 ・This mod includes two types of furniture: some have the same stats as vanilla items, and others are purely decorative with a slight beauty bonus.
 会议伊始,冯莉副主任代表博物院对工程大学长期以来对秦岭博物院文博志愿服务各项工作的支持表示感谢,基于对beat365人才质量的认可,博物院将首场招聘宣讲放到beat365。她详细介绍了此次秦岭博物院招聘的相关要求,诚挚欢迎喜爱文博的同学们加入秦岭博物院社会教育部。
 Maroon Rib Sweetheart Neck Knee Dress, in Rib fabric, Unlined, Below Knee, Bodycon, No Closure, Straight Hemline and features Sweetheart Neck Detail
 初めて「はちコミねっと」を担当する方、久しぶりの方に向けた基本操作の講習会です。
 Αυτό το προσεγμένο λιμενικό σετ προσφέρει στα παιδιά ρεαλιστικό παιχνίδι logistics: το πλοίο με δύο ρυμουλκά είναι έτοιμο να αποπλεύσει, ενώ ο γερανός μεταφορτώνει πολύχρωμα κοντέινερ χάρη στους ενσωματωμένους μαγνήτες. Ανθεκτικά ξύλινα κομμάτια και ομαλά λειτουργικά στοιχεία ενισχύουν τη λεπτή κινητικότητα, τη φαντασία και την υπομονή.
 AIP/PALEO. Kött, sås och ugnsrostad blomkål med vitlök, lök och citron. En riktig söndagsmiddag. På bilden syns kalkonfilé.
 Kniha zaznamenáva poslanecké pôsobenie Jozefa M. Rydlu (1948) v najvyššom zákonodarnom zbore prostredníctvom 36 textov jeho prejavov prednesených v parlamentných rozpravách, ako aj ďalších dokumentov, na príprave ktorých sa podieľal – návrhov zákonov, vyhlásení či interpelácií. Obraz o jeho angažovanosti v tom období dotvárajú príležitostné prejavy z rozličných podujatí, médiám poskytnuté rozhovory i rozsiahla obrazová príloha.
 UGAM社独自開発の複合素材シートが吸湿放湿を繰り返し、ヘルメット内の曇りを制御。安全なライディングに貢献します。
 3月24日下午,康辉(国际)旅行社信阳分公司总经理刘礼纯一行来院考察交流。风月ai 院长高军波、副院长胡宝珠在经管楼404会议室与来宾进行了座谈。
*-*-*
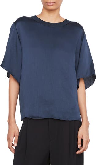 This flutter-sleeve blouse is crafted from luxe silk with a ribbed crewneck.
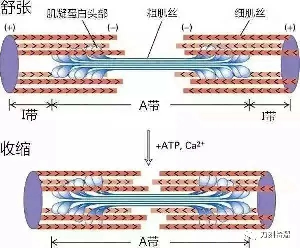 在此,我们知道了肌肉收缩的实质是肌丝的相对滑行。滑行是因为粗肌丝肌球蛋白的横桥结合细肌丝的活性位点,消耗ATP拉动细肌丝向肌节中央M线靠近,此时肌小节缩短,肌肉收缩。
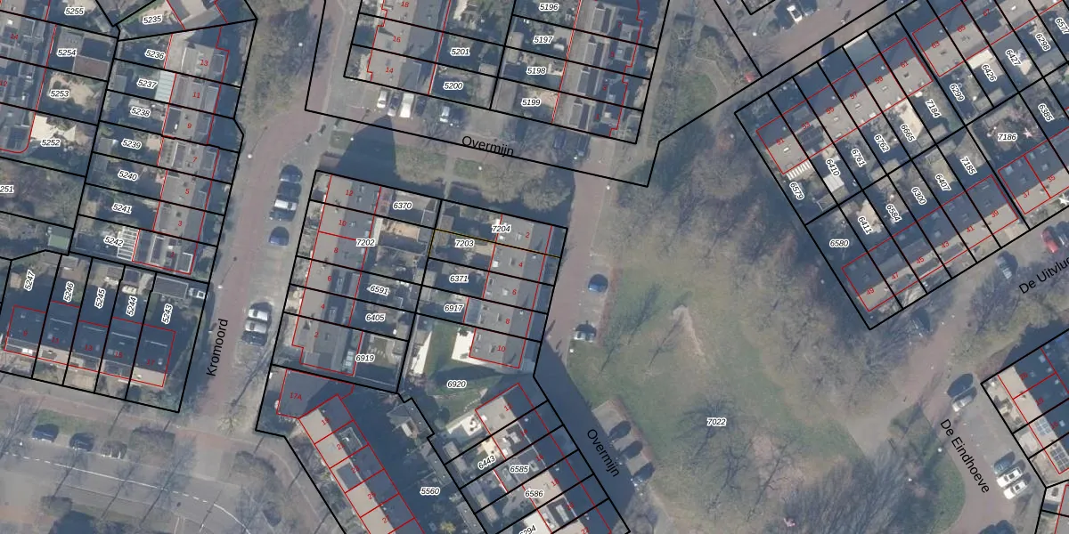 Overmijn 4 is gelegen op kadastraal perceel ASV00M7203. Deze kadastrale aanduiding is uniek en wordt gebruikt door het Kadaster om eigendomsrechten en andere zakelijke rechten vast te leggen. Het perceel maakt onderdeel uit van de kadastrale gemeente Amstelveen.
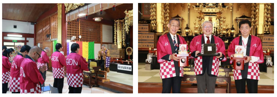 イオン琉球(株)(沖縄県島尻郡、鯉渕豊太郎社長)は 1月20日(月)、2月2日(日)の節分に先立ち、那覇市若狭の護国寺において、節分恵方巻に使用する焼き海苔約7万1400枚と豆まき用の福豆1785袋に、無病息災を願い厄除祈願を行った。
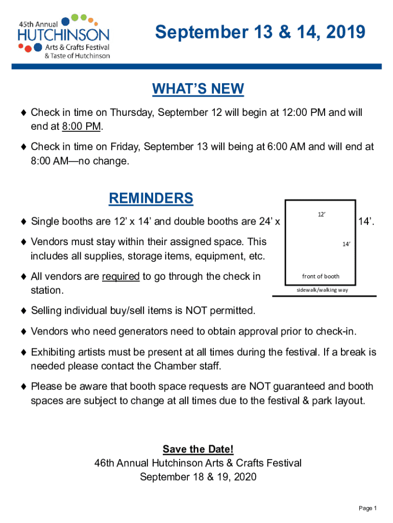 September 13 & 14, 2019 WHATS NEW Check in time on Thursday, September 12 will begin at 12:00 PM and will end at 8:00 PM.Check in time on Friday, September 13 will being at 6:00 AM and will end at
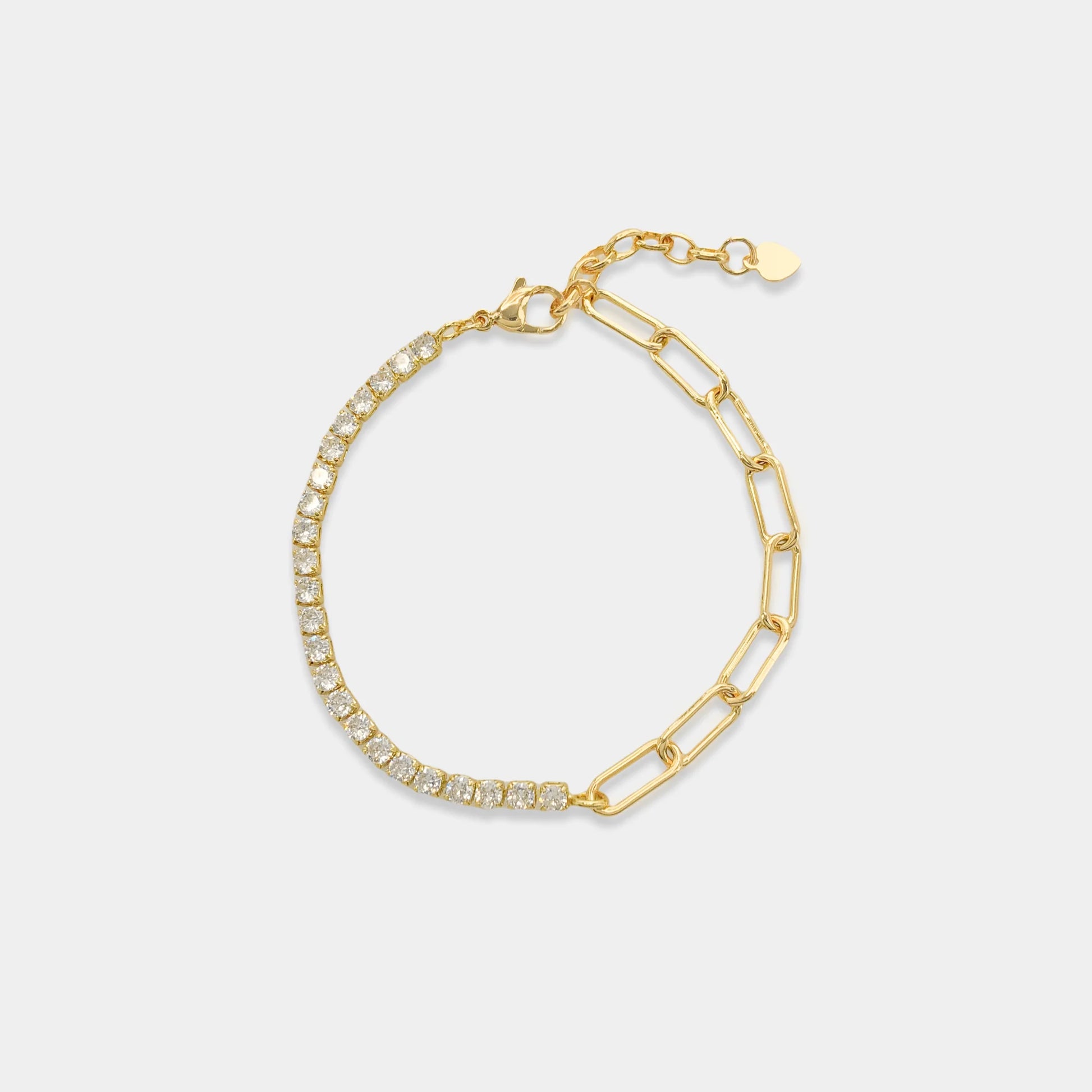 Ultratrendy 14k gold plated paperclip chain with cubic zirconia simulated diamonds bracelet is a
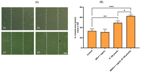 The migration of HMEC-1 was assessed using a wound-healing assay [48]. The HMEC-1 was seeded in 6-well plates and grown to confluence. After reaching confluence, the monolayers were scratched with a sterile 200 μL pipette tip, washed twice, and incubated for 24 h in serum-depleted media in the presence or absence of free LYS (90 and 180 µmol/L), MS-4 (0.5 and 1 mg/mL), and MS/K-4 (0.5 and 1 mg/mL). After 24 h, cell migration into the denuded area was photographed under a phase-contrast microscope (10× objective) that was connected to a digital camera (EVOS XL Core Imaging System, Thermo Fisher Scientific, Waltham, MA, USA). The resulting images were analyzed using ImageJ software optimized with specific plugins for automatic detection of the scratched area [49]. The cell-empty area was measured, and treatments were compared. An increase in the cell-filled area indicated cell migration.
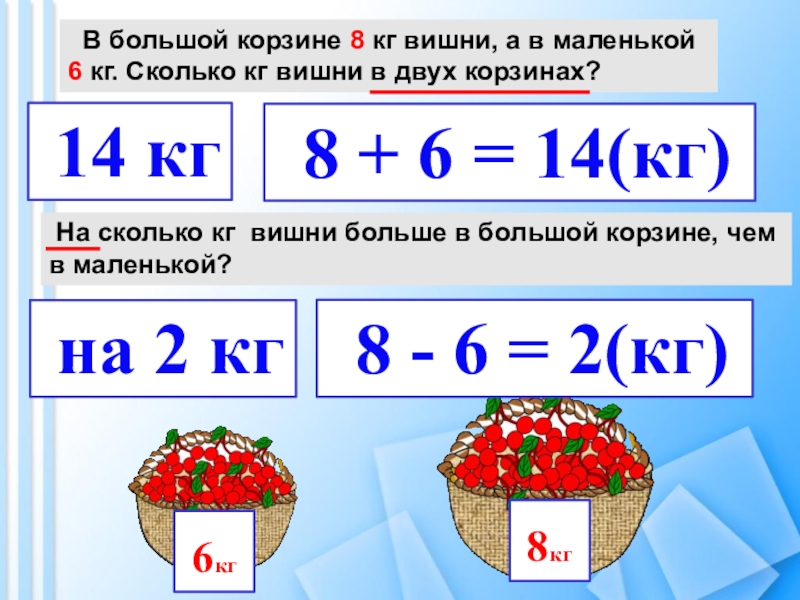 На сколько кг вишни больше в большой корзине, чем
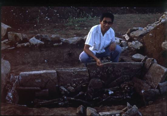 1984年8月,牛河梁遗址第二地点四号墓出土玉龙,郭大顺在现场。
*-*-*
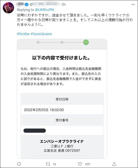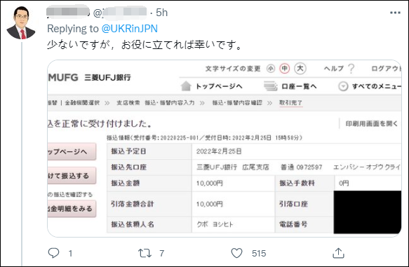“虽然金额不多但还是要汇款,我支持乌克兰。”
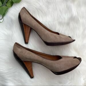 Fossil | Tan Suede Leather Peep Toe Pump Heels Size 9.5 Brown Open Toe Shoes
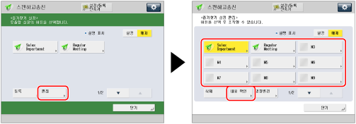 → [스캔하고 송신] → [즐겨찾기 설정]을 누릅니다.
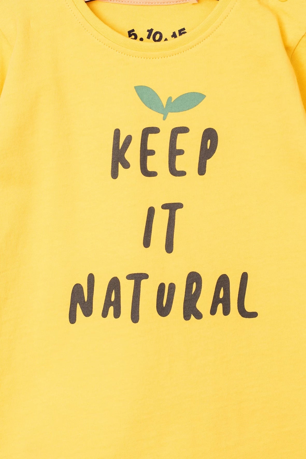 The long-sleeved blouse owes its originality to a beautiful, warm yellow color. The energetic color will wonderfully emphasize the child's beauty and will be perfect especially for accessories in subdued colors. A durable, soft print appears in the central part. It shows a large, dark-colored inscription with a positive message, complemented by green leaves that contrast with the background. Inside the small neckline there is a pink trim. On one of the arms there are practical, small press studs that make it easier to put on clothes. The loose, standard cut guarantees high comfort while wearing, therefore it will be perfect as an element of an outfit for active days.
*-*-*
■ Your objective: The reply should hold exactly the lines above, starting at the line with "September 13 &" and ending at the line with "The migration of", and no pictures.

■ Completed task:
 September 13 & 14, 2019 WHATS NEW Check in time on Thursday, September 12 will begin at 12:00 PM and will end at 8:00 PM.Check in time on Friday, September 13 will being at 6:00 AM and will end at
 Ultratrendy 14k gold plated paperclip chain with cubic zirconia simulated diamonds bracelet is a
 The migration of HMEC-1 was assessed using a wound-healing assay [48]. The HMEC-1 was seeded in 6-well plates and grown to confluence. After reaching confluence, the monolayers were scratched with a sterile 200 μL pipette tip, washed twice, and incubated for 24 h in serum-depleted media in the presence or absence of free LYS (90 and 180 µmol/L), MS-4 (0.5 and 1 mg/mL), and MS/K-4 (0.5 and 1 mg/mL). After 24 h, cell migration into the denuded area was photographed under a phase-contrast microscope (10× objective) that was connected to a digital camera (EVOS XL Core Imaging System, Thermo Fisher Scientific, Waltham, MA, USA). The resulting images were analyzed using ImageJ software optimized with specific plugins for automatic detection of the scratched area [49]. The cell-empty area was measured, and treatments were compared. An increase in the cell-filled area indicated cell migration.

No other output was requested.